### Activity:
Write out exactly the lines running from the one with "Dwuczęściowy zestaw dla" to the end of the data, including both of those lines and excluding pictures.
┏━━
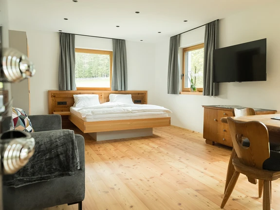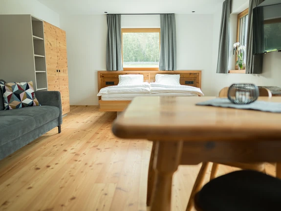 Das Wohn/Schlafzimmer für 2 Personen ist ausgestattet mit einem Doppelbett und einem hochwertigen Schlafsofa für 2 weitere Personen sowie Flat–TV.
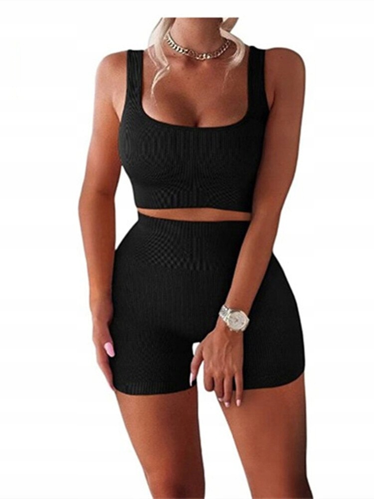 Dwuczęściowy zestaw dla kobiet kamizelka z dzianiny sport pępek biustonosz wysokiej talii Butt Lift szorty Fitness joga odzież garnitur kobiet legginsy gimnastyczne
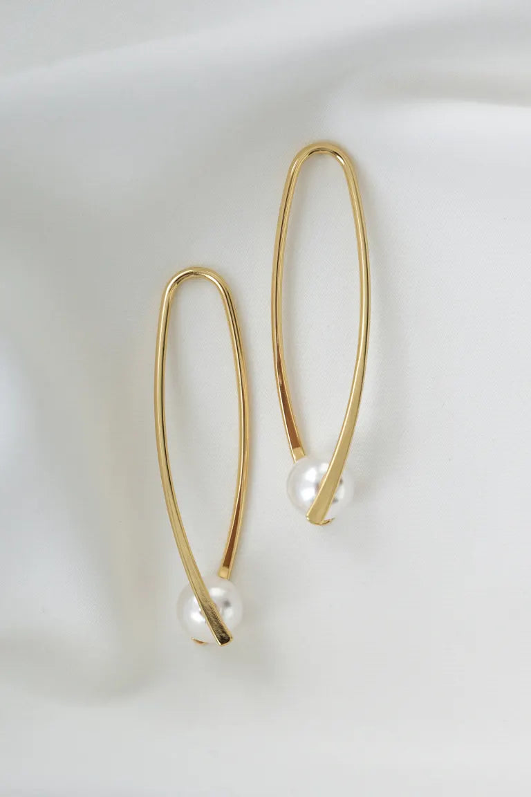 The Danna earrings offer a clean, minimalist take on the statement earring, featuring elegantly curved lines and a glistening pearl that seems to float as if by magic.
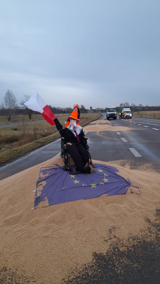 Польские протестующие, блокирующие границу, остановили три украинских грузовика и высыпали из них зерно.
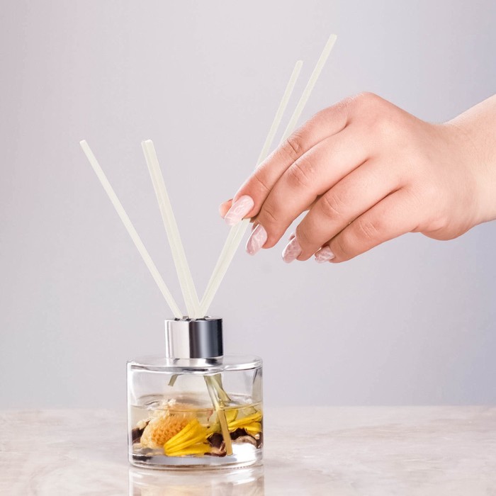 Чтобы аромат оставался насыщенным, 1–2 раза в день доставайте палочки и переворачивайте их, вставляя другим концом в стеклянную колбу. Интенсивность аромата зависит от влажности воздуха (в более влажном помещении летучесть аромата сильнее), проветриваемости помещения и количества палочек.
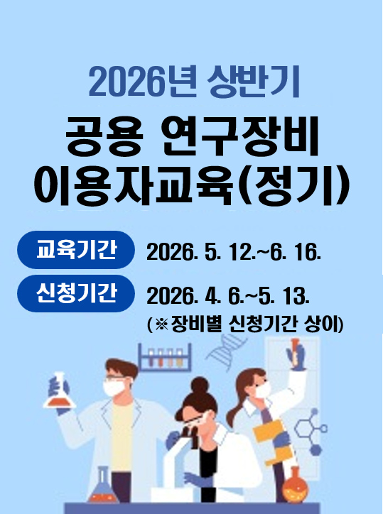 2026년 상반기 공용 연구장비 이용자교육(정기)(장비별 신청기간 상이, 세부사항 본문 참조)
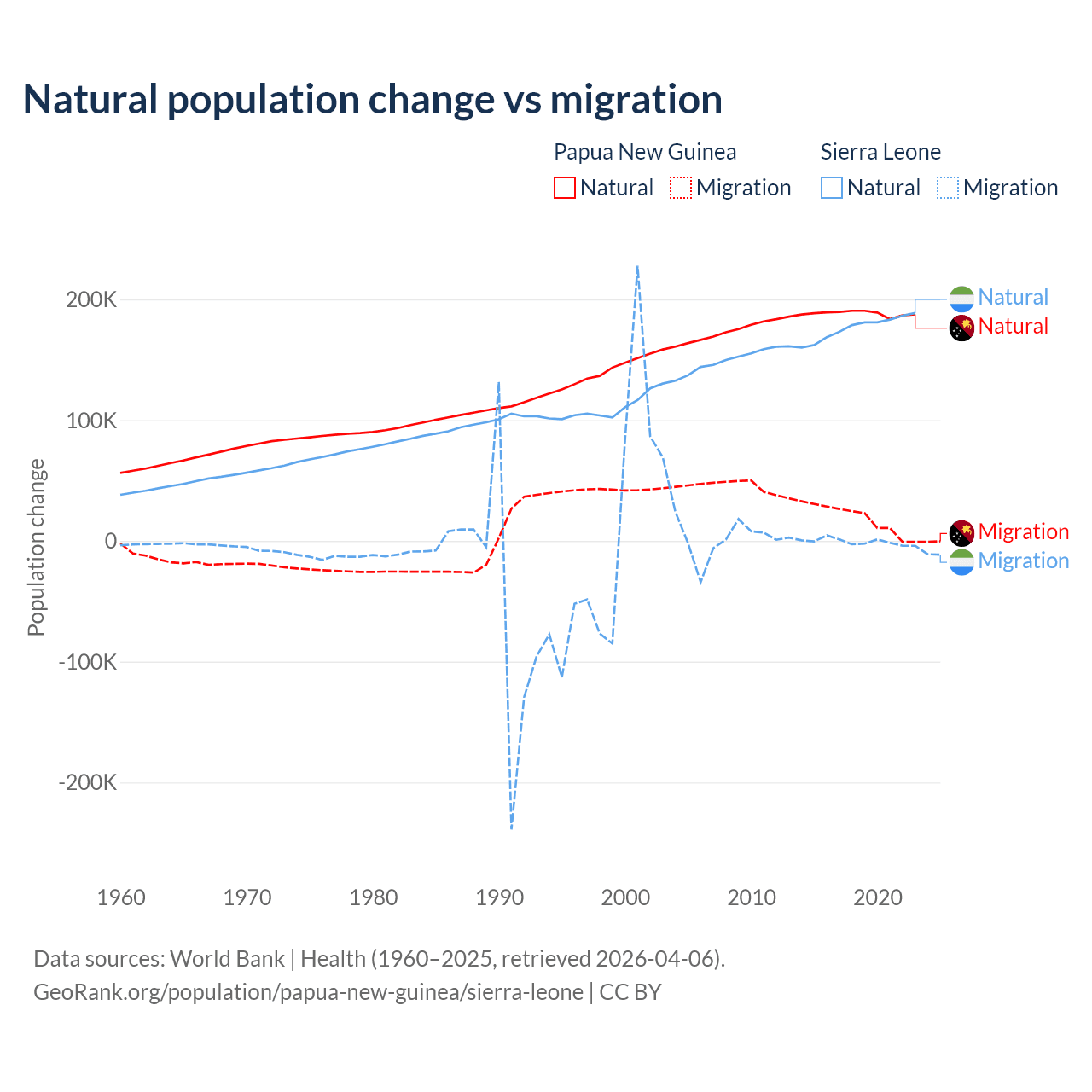 Over the last 10 years, 91% of the population change in Papua New Guinea is from natural causes (a gain of 1,883,906 people) and 8.98% is from migration (a gain of 185,900 people). In Sierra Leone 99.6% is from natural causes (a gain of 1,764,049 people) and 0.41% is from migration (a loss of 7,211 people).
┗━━
### Your solution:
 Dwuczęściowy zestaw dla kobiet kamizelka z dzianiny sport pępek biustonosz wysokiej talii Butt Lift szorty Fitness joga odzież garnitur kobiet legginsy gimnastyczne
 The Danna earrings offer a clean, minimalist take on the statement earring, featuring elegantly curved lines and a glistening pearl that seems to float as if by magic.
 Польские протестующие, блокирующие границу, остановили три украинских грузовика и высыпали из них зерно.
 Чтобы аромат оставался насыщенным, 1–2 раза в день доставайте палочки и переворачивайте их, вставляя другим концом в стеклянную колбу. Интенсивность аромата зависит от влажности воздуха (в более влажном помещении летучесть аромата сильнее), проветриваемости помещения и количества палочек.
 2026년 상반기 공용 연구장비 이용자교육(정기)(장비별 신청기간 상이, 세부사항 본문 참조)
 Over the last 10 years, 91% of the population change in Papua New Guinea is from natural causes (a gain of 1,883,906 people) and 8.98% is from migration (a gain of 185,900 people). In Sierra Leone 99.6% is from natural causes (a gain of 1,764,049 people) and 0.41% is from migration (a loss of 7,211 people).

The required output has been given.